According to Rick Davis, PA-C, the recent rise in hepatitis C cases in pregnant women and young people “is a really disturbing finding.”
Davis explained that the prevalence of hepatitis C was really decreasing quite a bit through 2010, and since 2010 it’s starting to rise again, particularly in a young population and frequently in women in rural areas.
Davis believes it is part of the opioid epidemic. “Generally these are people who were treated with opioid narcotics for acute pain, they became addicted to those medications, and nobody would then refill them or treat the addiction to get them off of those medications.” He pointed out that many of these people were under or uninsured as young people and resorted to using heroin — much less expensive, more readily available on the street, and injectable.
Education is crucial, said Davis, particularly because the young population that’s getting infected often doesn’t know about the risk factors.
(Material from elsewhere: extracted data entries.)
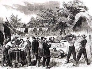 Ross Lewis Mangles 1833-1905 saving a wounded soldier of the 37th Regiment during the Indian Mutiny of 1857
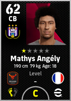 . Mathys Angély is a Center Back footballer from France who plays for Anderlecht Pw in eFootball 2026.
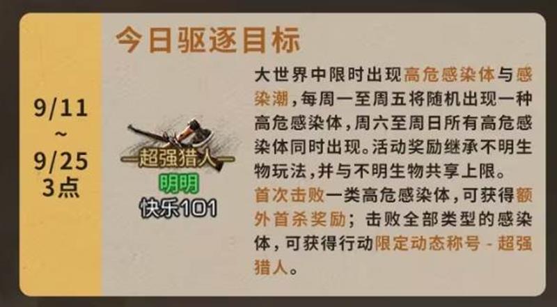 今日驱逐目标(9月11日至9月25日)每周一至周五将随机出现一种高危感染体,首次击败可获得额外奖励。

He also noted that some young women in this group are becoming pregnant while they’re still using, thus increasing the chance of passing the infection from mother to baby generally at birth. “It’s a real public health problem, but it’s complicated because there’s a bit of pushback, no one wants to introduce needle exchange programs in some very rural areas. Inner city clinics usually have these programs available, but I think this is an area in regions of the country too that don’t have a lot of support, and a lot of it is education about this population, too,” Davis said.
Davis also believed that this recent spike in hepatitis C incidences could absolutely affect the prediction experts had of eradicating the virus by 2030. He stressed that if people are not simultaneously addressing the opioid epidemic, the issue will continue, along with the risk of HIV infection as well and other infectious diseases related to injection drug use.
“The treatment for hepatitis C is so good and very effective that we’re able to clear this virus with medications that have very few side effects and for a fairly short period of time. There are programs available to help fund these, so we just need to identify the patients who are infected with hepatitis C and get that linkage to care and cure.”